Data: Begin

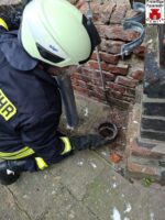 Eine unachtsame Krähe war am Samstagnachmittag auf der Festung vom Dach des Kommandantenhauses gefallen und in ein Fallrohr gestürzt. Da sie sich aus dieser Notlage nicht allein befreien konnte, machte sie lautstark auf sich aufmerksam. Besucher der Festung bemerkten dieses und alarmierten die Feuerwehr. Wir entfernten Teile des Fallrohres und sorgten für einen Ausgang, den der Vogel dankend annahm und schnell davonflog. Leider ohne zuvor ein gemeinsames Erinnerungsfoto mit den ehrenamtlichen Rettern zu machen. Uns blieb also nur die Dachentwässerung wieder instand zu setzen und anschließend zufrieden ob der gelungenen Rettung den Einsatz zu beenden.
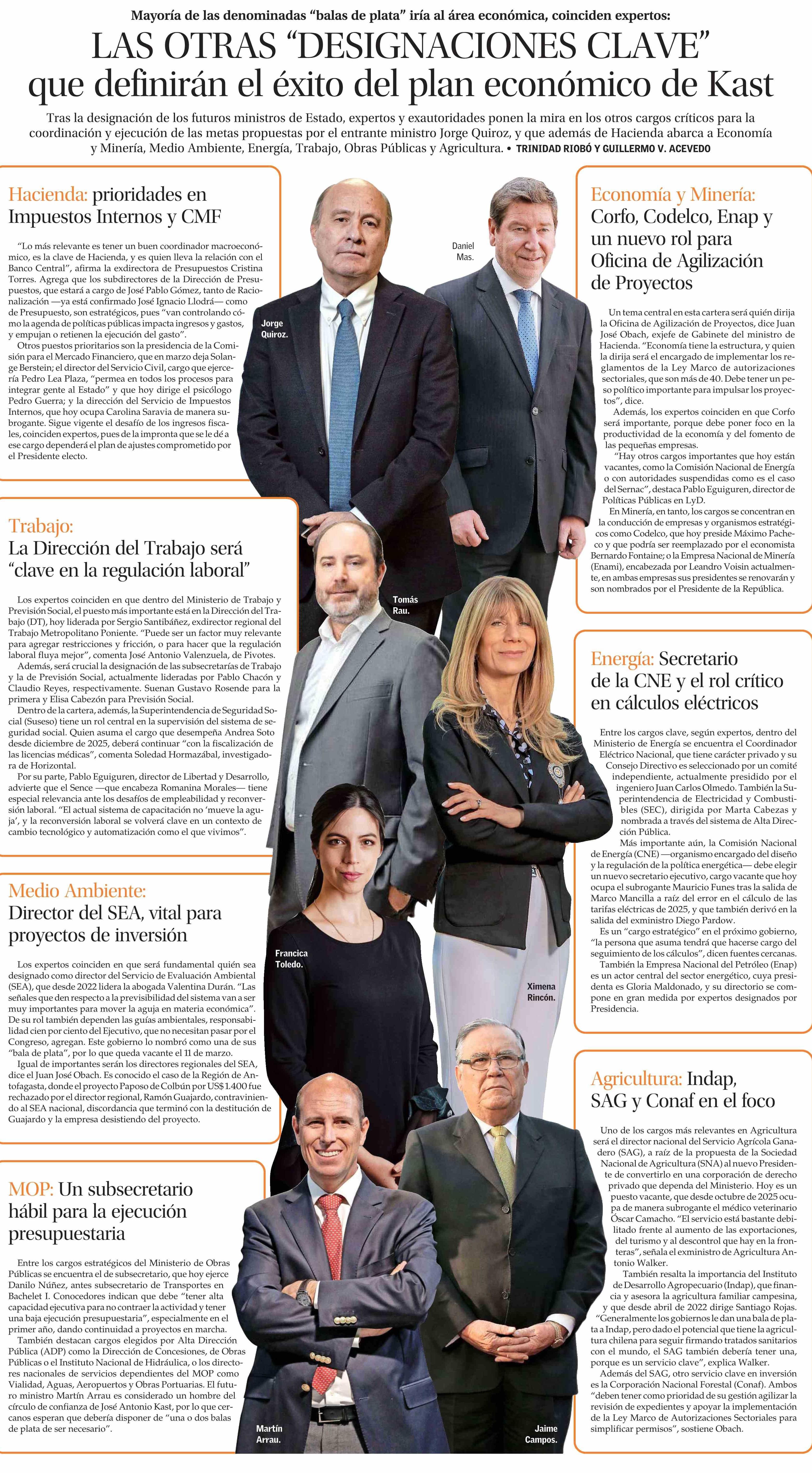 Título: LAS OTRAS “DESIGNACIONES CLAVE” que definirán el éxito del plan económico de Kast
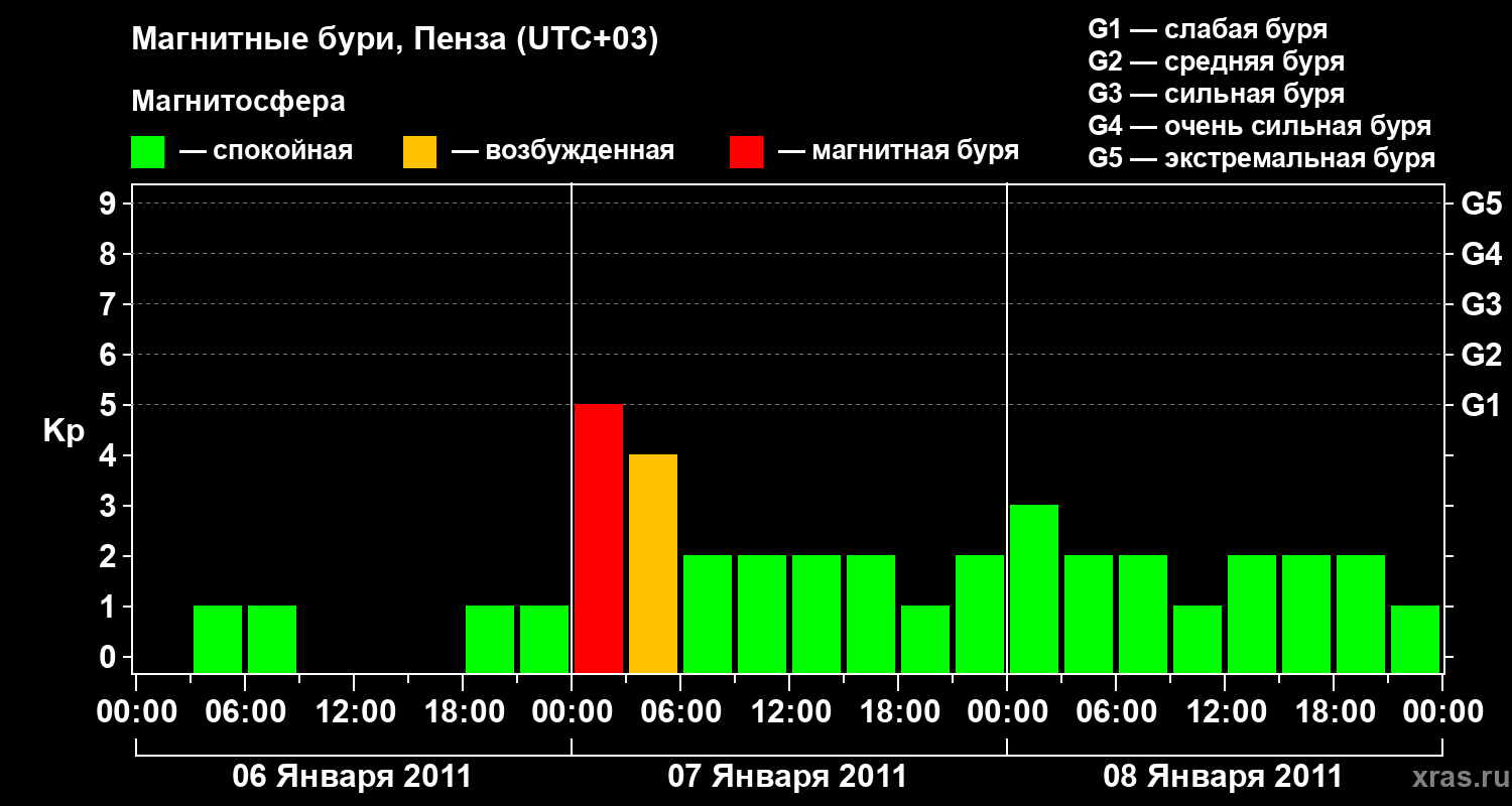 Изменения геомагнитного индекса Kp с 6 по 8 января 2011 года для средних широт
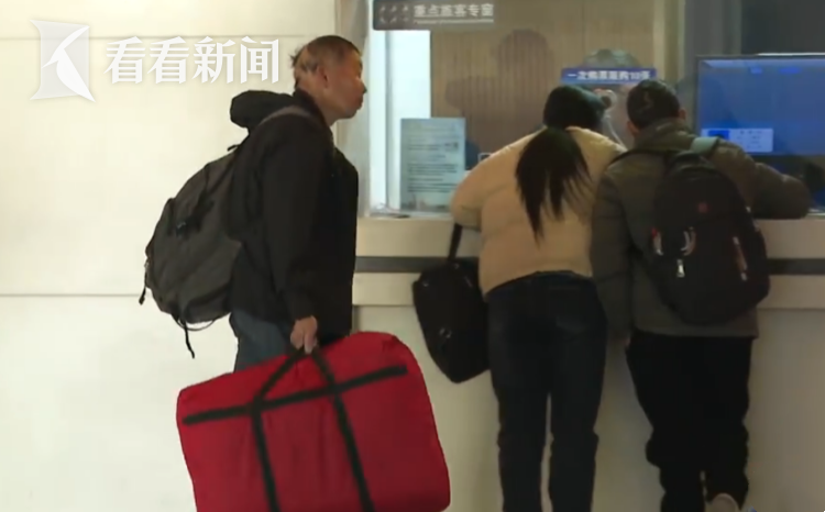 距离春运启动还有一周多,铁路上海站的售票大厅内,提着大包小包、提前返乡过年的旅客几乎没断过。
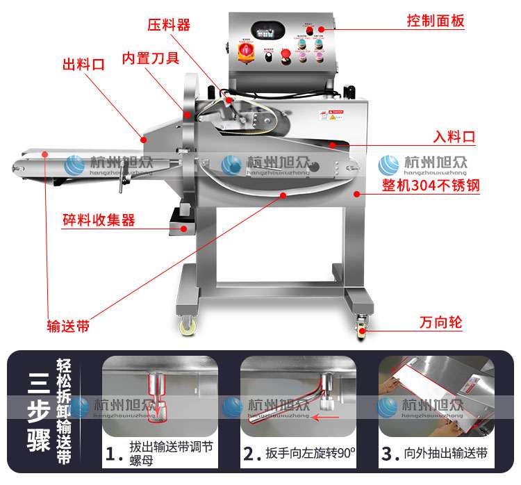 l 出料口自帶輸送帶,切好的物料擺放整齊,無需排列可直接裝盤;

Data: End

▶ [Work required]:
Copy the records exactly as they appear, excluding images.

▶ [Output]:
 Eine unachtsame Krähe war am Samstagnachmittag auf der Festung vom Dach des Kommandantenhauses gefallen und in ein Fallrohr gestürzt. Da sie sich aus dieser Notlage nicht allein befreien konnte, machte sie lautstark auf sich aufmerksam. Besucher der Festung bemerkten dieses und alarmierten die Feuerwehr. Wir entfernten Teile des Fallrohres und sorgten für einen Ausgang, den der Vogel dankend annahm und schnell davonflog. Leider ohne zuvor ein gemeinsames Erinnerungsfoto mit den ehrenamtlichen Rettern zu machen. Uns blieb also nur die Dachentwässerung wieder instand zu setzen und anschließend zufrieden ob der gelungenen Rettung den Einsatz zu beenden.
 Título: LAS OTRAS “DESIGNACIONES CLAVE” que definirán el éxito del plan económico de Kast
 Изменения геомагнитного индекса Kp с 6 по 8 января 2011 года для средних широт
 距离春运启动还有一周多,铁路上海站的售票大厅内,提着大包小包、提前返乡过年的旅客几乎没断过。
 l 出料口自帶輸送帶,切好的物料擺放整齊,無需排列可直接裝盤;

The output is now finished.